Closed Loop Spinal Cord Stimulation (SCS) for Neuromodulation of UMN-Lesion Spasticity

Status: Recruiting
Location: See location...
Intervention Type: Device
Study Type: Observational
SUMMARY

Spasticity is characterized by increased muscle tension and is a classic consequence of upper motor neuron (UMN) damage in the central nervous system, such as from stroke or trauma. Clinically, it presents as muscle resistance to passive stretching, along with clasp-knife rigidity, clonus, increased tendon reflexes, and muscle spasms. An imbalance of the descending inhibitory and muscle stretch reflexes is thought to be the cause of spasticity. Post-stroke spasticity is a common condition that occurs in 37.5-45% of cases in the acute stage and 19-57.4% in the subacute stage after a stroke. At 6 months post-stroke, spasticity develops in 42.6-49.5% of cases, and at one year, it affects 35-57.4% of individuals. In patients with cerebral palsy (CP), incidence is almost 80% while in those living with spinal cord injury the number approaches up to 93%. Traumatic brain injury (TBI) patients have a higher prevalence on initial admission to neurorehabilitation but one in three patients will have chronic spasticity. However, the Defense and Veterans Brain Injury Center report a rate of TBIs amongst deployed veterans to be around 11-23% mostly from blast and explosive trauma.

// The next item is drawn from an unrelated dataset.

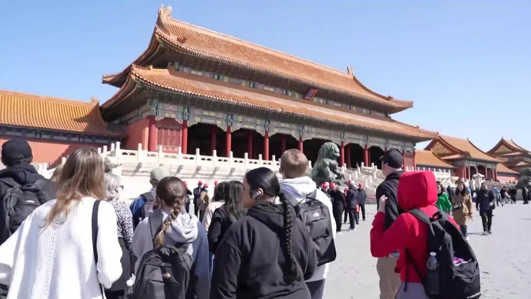 2024年初,访华学习交流的美国中学生代表团在北京打卡故宫等多个文化地标

There have been studies as early as the 1980s exploring the efficacy of SCS for spasticity control, however, the credibility of many of these studies is constrained due to an incomplete comprehension of spasticity's underlying mechanisms, outdated research methods, and early limitations in implantable device technology. Intrathecal pumps for baclofen have remained as the mainstay for refractory spasticity, however, it comes with associated risks such as chemical dependence leading to acute baclofen withdrawal and requiring frequent refill requirement. Most importantly, it does not yield functional improvement of muscle activity, just suppression of spasticity. Botox is also routinely used but due to heterogeneity in muscle involvement as well as variability in provider skill, results may be inconsistent and short-lasting, requiring frequent clinic visits for repeat injections to the affected muscle groups. SCS may be able to address that gap in spasticity management.

Eligibility
Participation Requirements
Sex: All
Minimum Age: 18
Healthy Volunteers: t
View:

• First-ever stroke

• Aged 18 and older

• Neuropathic pain \>3 months (chronic)

• Brain injury associated with spasticity in one or multiple limbs \>3 months post-stroke

• No previous history of neuropathic pain or spasticity in affected limbs

• Cognitively capable to operate the SCS system

Locations
United States
Maryland
Johns Hopkins Hospital
RECRUITING
Baltimore
Contact Information
Primary
Harman Chopra, MD
harmanchopra322@gmail.com
7188108752
Backup
Akhil Chhatre, MD
achhatr1@jh.edu
4435614201
Time Frame
Start Date: 2024-12-03
Estimated Completion Date: 2026-05
Participants
Target number of participants: 12
Treatments
Interventional
Patients identified with post-stroke pain due to spasticity. Patients will be evaluated for spinal cord stimulation trial. The trial will be for 7 days.